All compression of sequence data is lossless. Gzip is used for data stored on the main storage, and quip is used for data stored on the archive. Disaster recovery is provided by the archive copy.
YCGA will send you an email informing you that your data is ready, and will include a url that looks like: http://fcb.ycga.yale.edu:3010/randomstring/sample_dir_001
You can use that link to download your data in a browser, but if you plan to process the data on McCleary, it is better to make a soft link to the data, rather than copying it.
To find the actual location of your data, do:
$ readlink -f /ycga-gpfs/project/fas/lsprog/tools/external/data/randomstring/sample_dir_001
Illumina sequencing data
For Illumina data (not singlecell or pacbio data), you can browse to the YCGA-provided URL and find a file ruddle_paths.txt that contains the true locations of the files.

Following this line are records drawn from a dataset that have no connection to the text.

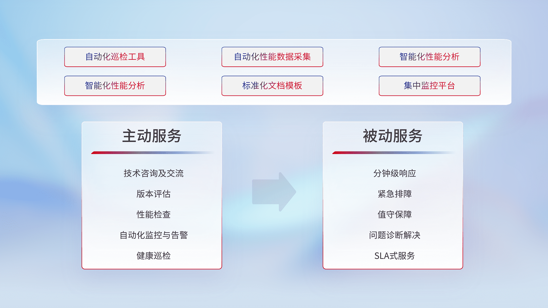 智能化工具和标准化文档,,,保障服务质量,,,,提供主动服务(包含技术咨询、、版本评估、、、性能检查、、、、自动化监控与告警、、健康巡检)和被动服务包含(分钟级响应、、、、紧急排障、、值守保障、、、、问题诊断解决、、SLA服务)。。。。
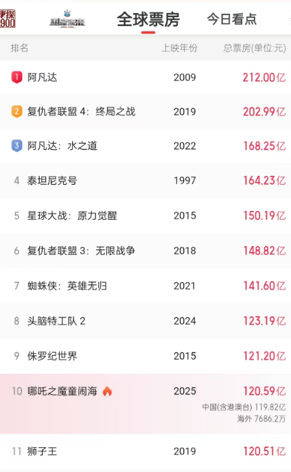 《哪吒之魔童闹海》自上映以来,票房成绩可谓是一路高歌猛进。2月17日,该片以120.52亿元超越《狮子王》,位居全球影史票房榜第十位。这也是全球影史票房前十里唯一一部非好莱坞电影。
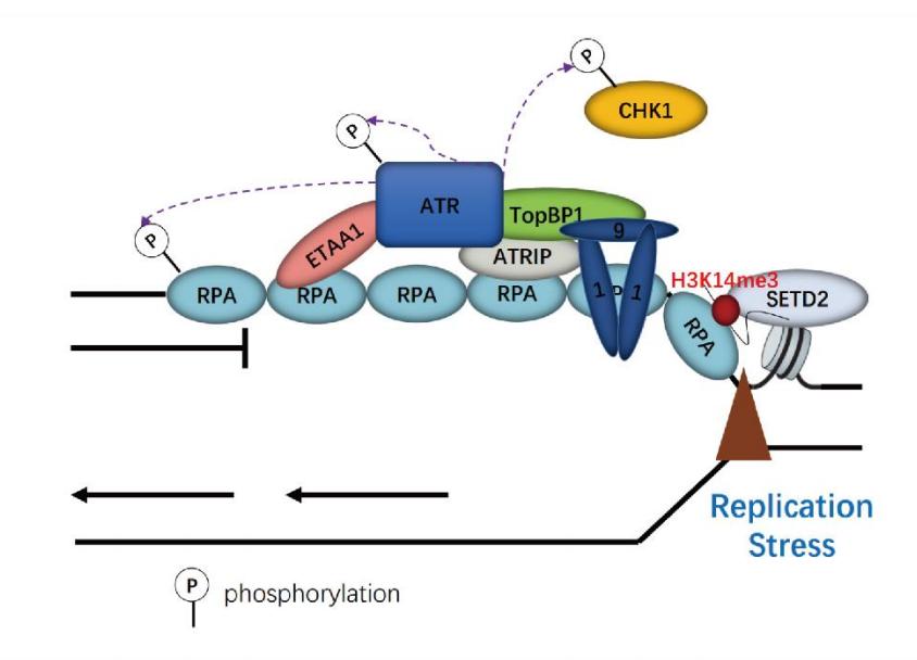 DNA复制压力条件下SETD2介导的H3K14me3调控ATR激活的信号通路
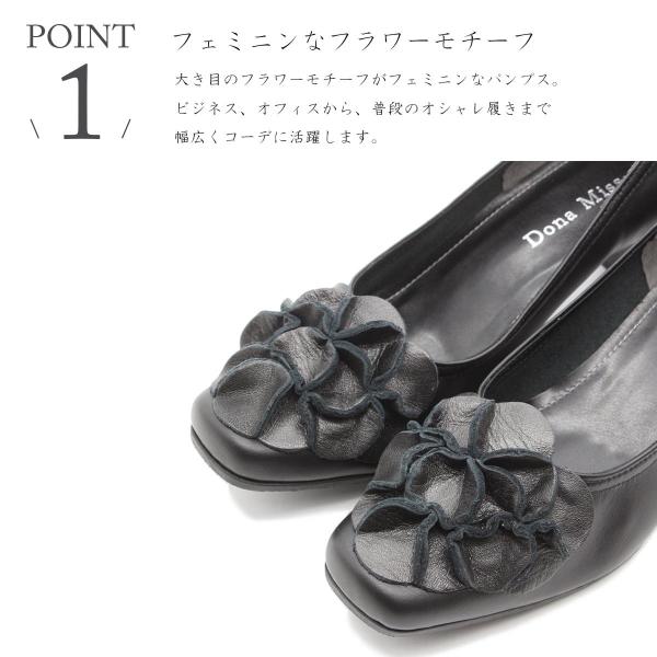 Dona Miss ドナミス パンプス 本革 日本製 レザーパンプス 痛くない 5.5cm 走れる レディース 柔らかい 黒 靴 41-467
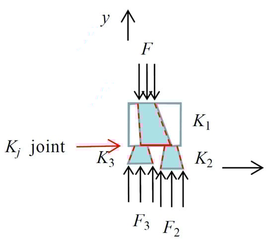 In parallel arrangement, if the total area of the upper slates is A, the ratio of the effective contact areas of each contact surface to the total area of the upper slates are , , , , , and the moduli of elasticity of the sized slates and joints are , , , , and the ratio of the height of slate 3 to that of slate 2 is . For the convenience of calculation, it is still assumed that the internal stress influence range varies linearly and the stress is uniformly distributed within the influence range, whose calculation sketch is shown in Figure 8, where the contact area of the lower surface of the upper slate is equal to the sum of the contact area of the upper surface of the two stones below.

Alternatively, you can use the ycgaFastq tool to easily make soft links to the sequencing files:
export PATH=$PATH:/gpfs/gibbs/pi/ycga/mane/ycga_bioinfo/bin_May2023
$ ycgaFastq fcb.ycga.yale.edu:3010/randomstring/sample_dir_001
ycgaFastq can also be used to retrieve data that has been archived. The simplest way to do that is to provide the sample submitter's netid and the flowcell (run) name:
$ ycgaFastq rdb9 AHFH66DSXX
If you have a path to the original location of the sequencing data, ycgaFastq can retrieve the data using that, even if the run has been archived and deleted:
$ ycgaFastq /ycga-gpfs/sequencers/illumina/sequencerD/runs/190607_A00124_0104_AHLF3MMSXX/Data/Intensities/BaseCalls/Unaligned-2/Project_Lz438
If you have a manifest file that contains the paths to all of the data files in a dataset, you can use ycgaFastq as well:
$ ycgaFastq manifest.txt
ycgaFastq can be used in a variety of other ways to retrieve data. For more information, see the documentation or contact us.
Tip
Original sequence data are archived pursuant to the YCGA retention policy. For long-running projects we recommend you keep a personal backup of your sequence files. If you need to retrieve archived sequencing data, please see our below.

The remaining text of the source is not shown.